Materials and Methods

Sampling

Fresh fecal samples from 242 lizard specimens (P. lilfordi: 140; P. pityusensis: 102) were collected between the spring of 2016 and the autumn of 2017 from 17 localities in the Balearic archipelago (Table 1 and Figure 1). Lizards were captured by lassoing at daytime and fresh fecal samples were directly obtained with a gentle abdominal massage and stored in absolute ethanol vials. Lizards were sexed based on their dimorphic attributes (Salvador 2009,Salvador (2009)) and immediately released at the same capture site. Samples were preserved at 4 °C in the field upon arrival to the laboratory and then stored at −20 °C until DNA extraction.

Table 1.

Sampling localities and associated metadata

Species Localization Population/islet Id Acronym Island area (m2) Spring Summer Autumn
Female Male Year Female Male Year Female Male Year
P. lilfordi CABRERA Cabrera Cabrera C 1.7700.000 12 16 2017 6 7 2016
Esclatasang Esclatasang E 3.900 6 4 2017 4 4 2016
Na Foradada Na Foradada Fo 12.200 2 8 2017 2 5 2016
MALLORCA Dragonera Dragonera D 2.880.000 9 8 2016 2 8 2017
MENORCA Aire Aire A 343.750 5 5 2017 1 2016
Colom Colom Co 595.000 6 4 2017 3 3 2016
Porros de Fornells Porros Pr 1.600 4 6 2017
P. pityusensis FORMENTERA Alga Alga Al 11.250 2/5 3/5 2016/2017
Espardell Espardell Es 561.250 7 6 2017 5 2016
Formentera Formentera F 83.240.000 4 6 2017
IBIZA Bleda Plana Bleda Bp 31.250 1 2016
Bosc de conillera Bosc Bc 181.250 4 3 2016
Na Gorra Na Gorra G 15.625 5 5 2017 13 11 2016
Sant Josep de sa Talaia St. Josep St 527.600.000 1 2 2016
Ses Salines Ibiza I 527.600.000 2 2 2016
Vaixell Vaixell Vx 2.604 5 3 2017
Vedrà Vedrà Ve 6.250.000 2 2016

Figure 1.

Figure 1.

Maps of the Balearic archipelago showing the location of the sampled Podarcis lilfordi (green arrows) and P. pityusensis populations (brown arrows).

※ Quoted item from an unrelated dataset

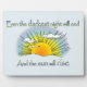 A lovely rainbow gradient sunrise decorated by a few clouds on a pale blue background, that reads Even the darkest night will end, and the sun will rise.

Maps were obtained with Google Maps (Map data 2020 Google) using the function ‘get_map’ in the package ‘ggmap’ version 3.0.0.902 in R version 3.6.3 (See online version for color figure).

Molecular analyses

Total DNA was extracted from individual samples using the Isolate Fecal DNA kit (Bioline, London, UK) following the manufacturer protocol and their concentrations were quantified using Qubit Fluorometric Quantitation (ThermoFisher, Foster City, CA, USA). For cost-effective reasons and given that our study seeks to describe the diet composition of each lizard population as a whole, samples from the same population/islet were pooled in equimolar concentrations by sex and collecting year. Samples were submitted to the Roy J. Carver Biotechnology Center (University of Illinois, USA) for amplification of selected markers in a microfluidic high-throughput multiplexed PCR platform (Fluidigm). For animal prey detection we selected two primer pairs: mlCOlintF/dgHCO2198 (5ʹ-GGWACWGGWTGAACWGTWTAYCCYCC-3ʹ/5ʹ-TAAACTTCAGGGTGACCAAARAAYCA-3ʹ; Meyer 2003; Leray et al. 2013) and ArtF11/ArtR17 (5ʹ-GGNKYNGGNACWGGATGAACWGTNTAYCCNCC-3ʹ/5ʹ-GGRTCAAAAAATGAWGTATTHARATTTCGRTCWGTTA-3ʹ; Mallott et al. 2015) targeting the mitochondrial cytochrome oxidase I gene (COI). For diet plant amplification we used two different primer pairs targeting chloroplast DNA regions: the RuBisCO large-subunit gene (rbcL) rbcLa_F/rbcLa_R (5ʹ-ATGTCACCACAAACAGAGACTAAAGC-3ʹ/5ʹ-GTAAAATCAAGTCCACCRCG-3ʹ; Levin et al. 2003; Kress et al. 2009) and the psbA-trnH intergenic spacer: psbA3_f/trnHf_05 (5ʹ-GTTATGCATGAACGTAATGCTC-3ʹ/5ʹ-CGCGCATGGTGGATTCACAATCC-3ʹ; Sang et al. 1997; Tate and Simpson 2003). CS1 and CS2 Fluidigm universal tags and barcode labels specific to each sample and Illumina adapters i5 and i7 were used and the resulting amplicons were validated on a Fragment Analyzer (Agilent) using the HS NGS kit (DNF-474-33). Sequencing was conducted on an Illumina MiSeq v2 platform yielding 2 × 250 paired-end reads.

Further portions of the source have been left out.